Our third-party service providers: We partner with and are supported by service providers around the world. Personal information will be made available to these parties only when necessary to fulfill the services they provide to us, including (without limitation) software, system, and platform support; payment providers, cloud hosting services; and data analytics. Our third-party service providers are not permitted to share or use the personal information we make available to them for any other purpose than to provide services to us.

Other third parties: We will share personal information when we believe it is required or in our legitimate interests to do so, such as:

  • to comply with legal obligations and respond to requests from government agencies, including law enforcement and other public authorities;

  • in the event of a merger, sale, restructure, acquisition, joint venture, assignment, transfer, or other disposition of all or any portion of our business, assets, or stock (including in connection with any bankruptcy or similar proceedings);

  • to protect our rights, users, systems, and Services.

Limited Use Requirements

Google API Services

Where our products (such as JEMHC) make use of information received from Google APIs, they will adhere to the Google API Services User Data Policy, including the Limited Use requirements.

Where we store and process personal information

We take steps to ensure that the information we collect is processed according to this Policy and the requirements of applicable law wherever the data is located.

We store information in a cloud hosting service, through the provider Amazon Web Services, located in the USA. We also store information on servers hosted by Google and Mailtrap. We take appropriate steps to ensure that personal information is processed, secured, and transferred according to applicable law. In some cases, we may need to disclose or transfer your personal information within the Company or to third parties in areas outside of your home country.

International transfers to third parties

Amazon Web Services, Atlassian, Mailtrap, Google and other third parties described in this privacy policy, which provide services to us under contract, are based in other countries that may not have equivalent privacy and data protection laws to the county in which you reside. When we share information of customers in the EEA, we ensure that the third parties make use of the EU – US– US Privacy Shield Frameworks, European Commission approved standard contractual data protection clauses, binding corporate rules for transfers to data processors, or other appropriate legal mechanisms to safeguard the transfer. Amazon Web Services and Atlassian are self-certified under the EU-US Privacy Shield.
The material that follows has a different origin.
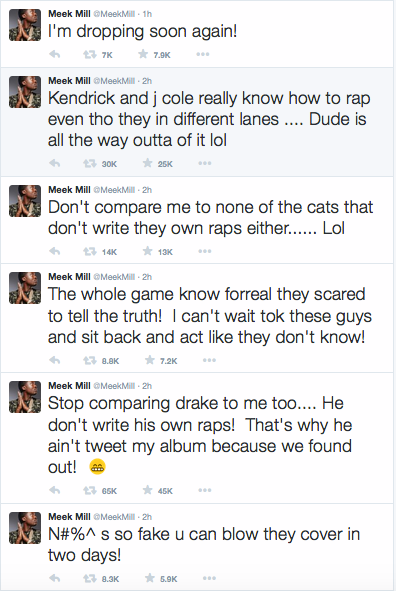 HomeFeatureFOOLERY: Meek Mill vs. Drake Beef Ms. Bels Wednesday, July 22, 2015 Feature, Music, The Studio Last night’s Twitter and Instagram activity was off-the-chain after rapper Meek Mill decided to go on this unexpected rant. What spawned Meek to snap, some speculated that it had something to Drake not tweeting the link to his latest album, Dreams Worth More Than Money. But later in the wee hours of the morning, it was revealed (via Karen Civil) that Meek was pissed after Drake didn’t show up to his homecoming concert in Philly. The foolish part about Meek’s emotional breakdown is that he claimed Drake didn’t write his own raps. He tweeted the name Quentin Miller. Apparently, this guy is an Atlanta native and is responsible for writing Drake’s verse on “R.I.C.O.” What most lurkers, especially those who stan for the 6 God, is that Drake’s preference to use ghostwriters is nothing new. That rumor about Drake has been around for several years. So, Meek probably thought is was putting Drizzy on blast, but instead made himself look foolish. NO ONE REALLY CARES IF DRAKE DOESN’T WRITE HIS OWN RAPS! At least I don’t. Diddy, Beyonce…hell even Meek’s boo Nicki Minaj has had her ex-Safaree write bars on an album or two. So, if Meek is going to call people out, call out everybody. IJS… What’s going to be interesting is how Drake will respond. I suspect that he’ll respond via record, of which he will have written on his own. LOL And that song will overshadow anything that Meek has done lately. Sorry not sorry. In my opinion, Drake is better at what he do. That’s why he’s in his own lane and selling millions of records. And NO, I’m not a Drake stan. I’m just a lover of hip-hop and music in general. Meek Mill is talented too. However, he comes from a different world than Drake. Therefore his music is much more grimy and street-influenced. I like Meek’s energy but somethings are best left unsaid. Yeah, the Twitter rant may show you got balls, however, this showed that Meek has one ball because he half-assed the rant. Like I said, if you’re going to put people on blast and insinuate that you will “call out” other rappers too, THEN DO THAT! Go hard or go home…
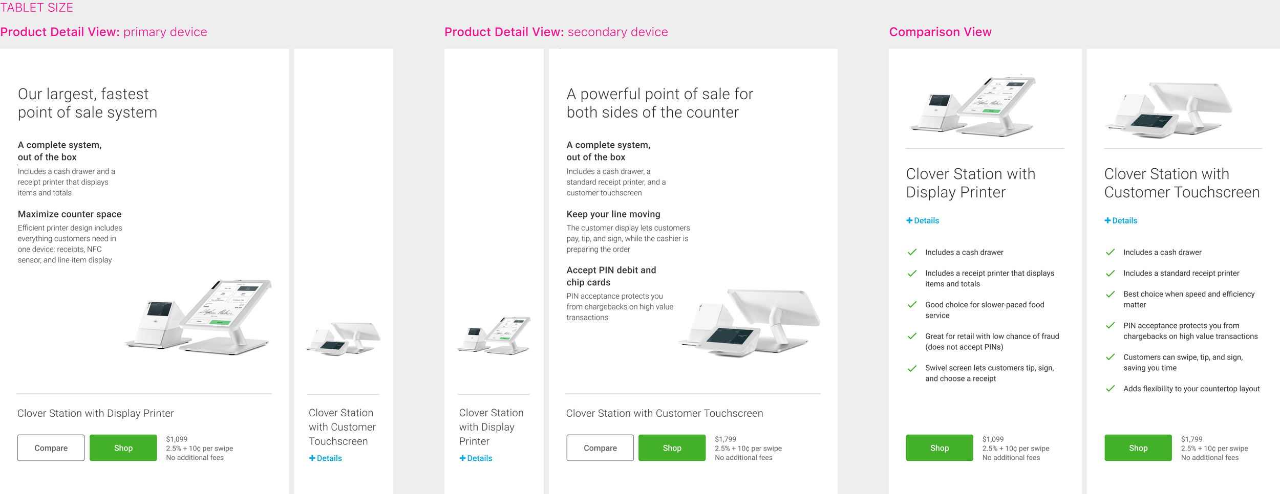 This module was designed to address space constraints, making it easy for users to switch between individual product details and side-by-side comparisons without excessive scrolling. It can also be found on Clover Station landing pages, where it compares up to three devices.

How we secure personal information

We have put in place appropriate security measures to prevent your personal data from being accidentally lost, used or accessed in an unauthorised way, altered or disclosed when using our services in isolation. In addition, we limit access to your personal data which we control to those employees, agents, contractors and other third parties who have a business need to know. They will only process your personal data on our instructions and they are subject to a duty of confidentiality. However, when you use our Services in connection with other apps or third party services, we are not able to control the security measure applied by those third parties and it is the end user’s responsibility to determine appropriate security measures for the processing of their data in an environment where our services are used in conjunction with other third party services provided.

We have put in place procedures to deal with any suspected personal data breach and will notify you and any applicable regulator of a breach where we are legally required to do so.

How long we keep personal information

We will only retain your personal data for as long as reasonably necessary to fulfil the purposes we collected it for, including for the purposes of satisfying any legal, regulatory, tax, accounting or reporting requirements. We may retain your personal data for a longer period in the event of a complaint or if we reasonably believe there is a prospect of litigation in respect to our relationship with you.

To determine the appropriate retention period for personal data, we consider the amount, nature and sensitivity of the personal data, the potential risk of harm from unauthorised use or disclosure of your personal data, the purposes for which we process your personal data and whether we can achieve those purposes through other means, and the applicable legal, regulatory, tax, accounting or other requirements.

When we no longer need personal information, or when you request us to delete your information, where this is legal, we will securely delete or destroy it. See section “Purpose of the processing, legal basis and retention periods” for further information on our retention periods.

Your legal rights

We respect your right to access and control your information, and we will respond to requests for information and, where applicable, will correct, amend, or safely delete your personal information.

Access to personal information: You have the right to request access to your personal data (commonly known as a "data subject access request"). This enables you to receive a copy of the personal data we hold about you and to check that we are lawfully processing it. If you request access to your personal information, we will gladly comply, subject to any relevant legal requirements and exemptions, including identity verification procedures. Before providing data to you, we will ask for proof of identity and sufficient information about your interaction with us so that we can locate any relevant data.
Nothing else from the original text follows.